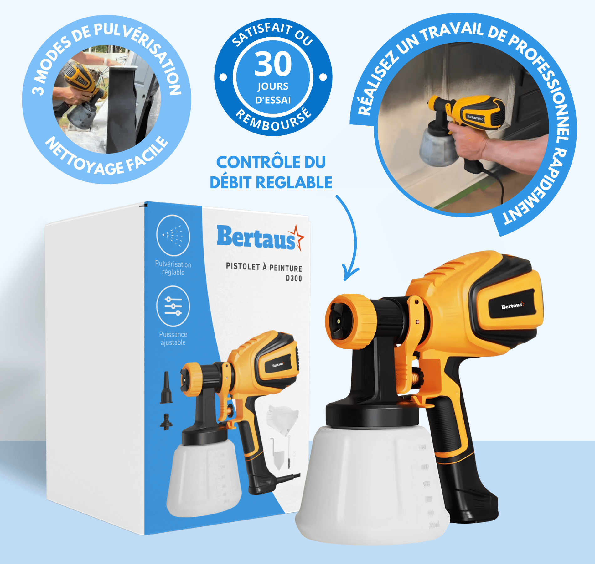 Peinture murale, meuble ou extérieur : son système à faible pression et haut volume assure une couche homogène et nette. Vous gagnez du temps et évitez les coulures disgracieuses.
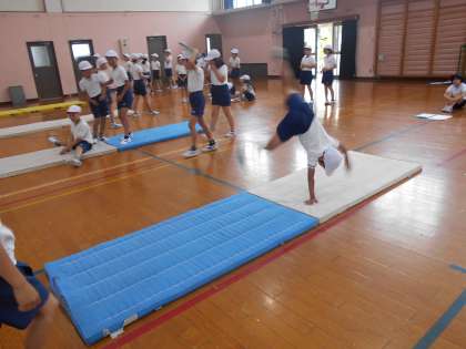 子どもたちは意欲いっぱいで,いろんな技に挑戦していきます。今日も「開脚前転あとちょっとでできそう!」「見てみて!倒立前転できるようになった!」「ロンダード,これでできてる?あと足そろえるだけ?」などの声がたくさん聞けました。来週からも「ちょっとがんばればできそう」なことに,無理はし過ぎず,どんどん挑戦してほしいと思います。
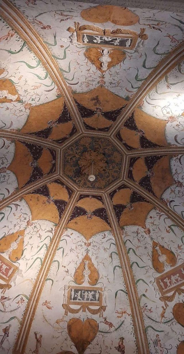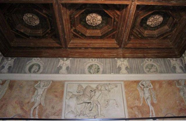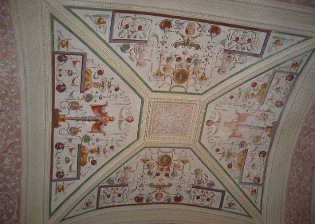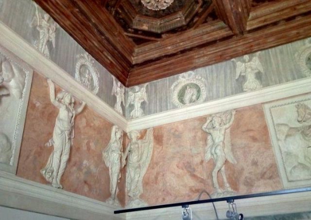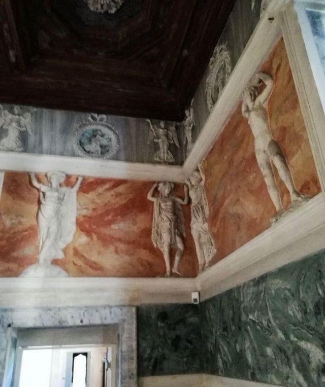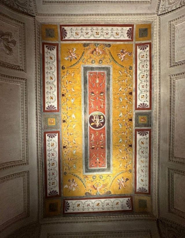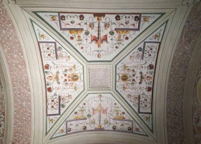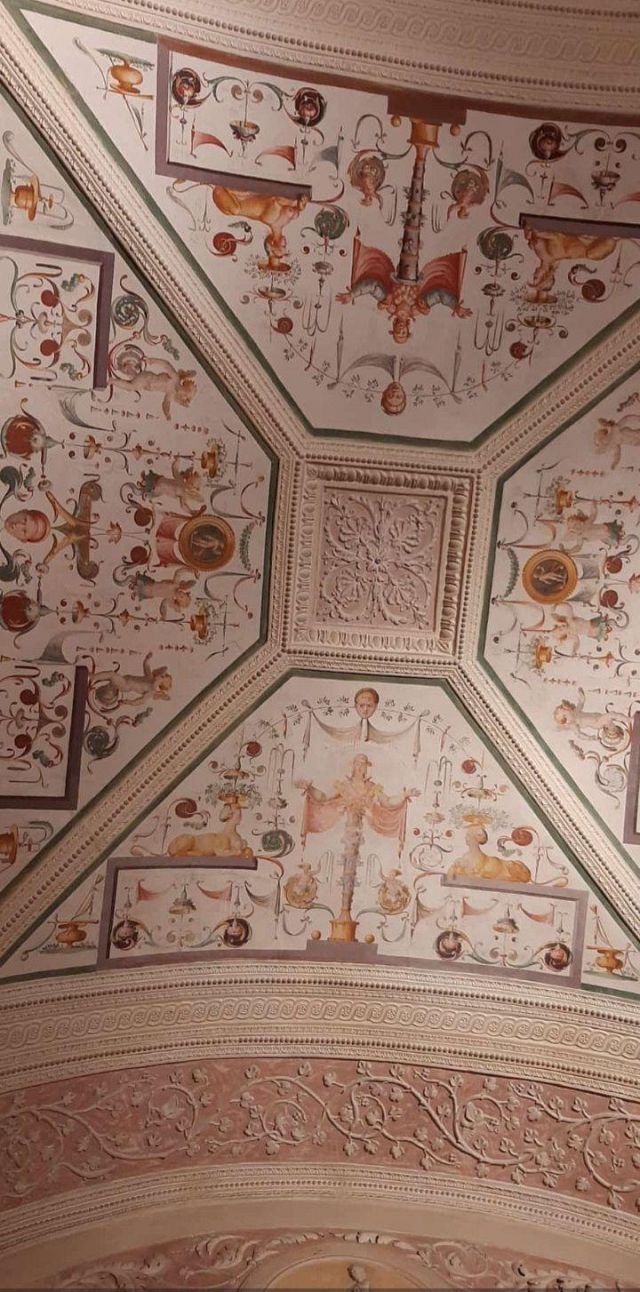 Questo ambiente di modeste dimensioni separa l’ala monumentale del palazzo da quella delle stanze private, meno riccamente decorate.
******
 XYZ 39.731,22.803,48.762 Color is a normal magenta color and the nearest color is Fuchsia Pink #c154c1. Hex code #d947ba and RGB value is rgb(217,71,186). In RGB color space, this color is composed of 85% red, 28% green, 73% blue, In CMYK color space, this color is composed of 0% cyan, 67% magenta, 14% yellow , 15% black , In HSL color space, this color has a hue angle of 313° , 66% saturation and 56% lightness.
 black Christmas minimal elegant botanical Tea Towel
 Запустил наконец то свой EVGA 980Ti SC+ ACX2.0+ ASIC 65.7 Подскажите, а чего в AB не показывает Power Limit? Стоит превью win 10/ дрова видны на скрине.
******
→ WHAT IS EXPECTED
Reproduce exactly the lines of the data above that run from the line with "Peinture murale, meuble" down to the line with "Questo ambiente di", both ends included. Pictures do not belong in the copy.

→ REPLY TO THE TASK
 Peinture murale, meuble ou extérieur : son système à faible pression et haut volume assure une couche homogène et nette. Vous gagnez du temps et évitez les coulures disgracieuses.
 子どもたちは意欲いっぱいで,いろんな技に挑戦していきます。今日も「開脚前転あとちょっとでできそう!」「見てみて!倒立前転できるようになった!」「ロンダード,これでできてる?あと足そろえるだけ?」などの声がたくさん聞けました。来週からも「ちょっとがんばればできそう」なことに,無理はし過ぎず,どんどん挑戦してほしいと思います。
 Questo ambiente di modeste dimensioni separa l’ala monumentale del palazzo da quella delle stanze private, meno riccamente decorate.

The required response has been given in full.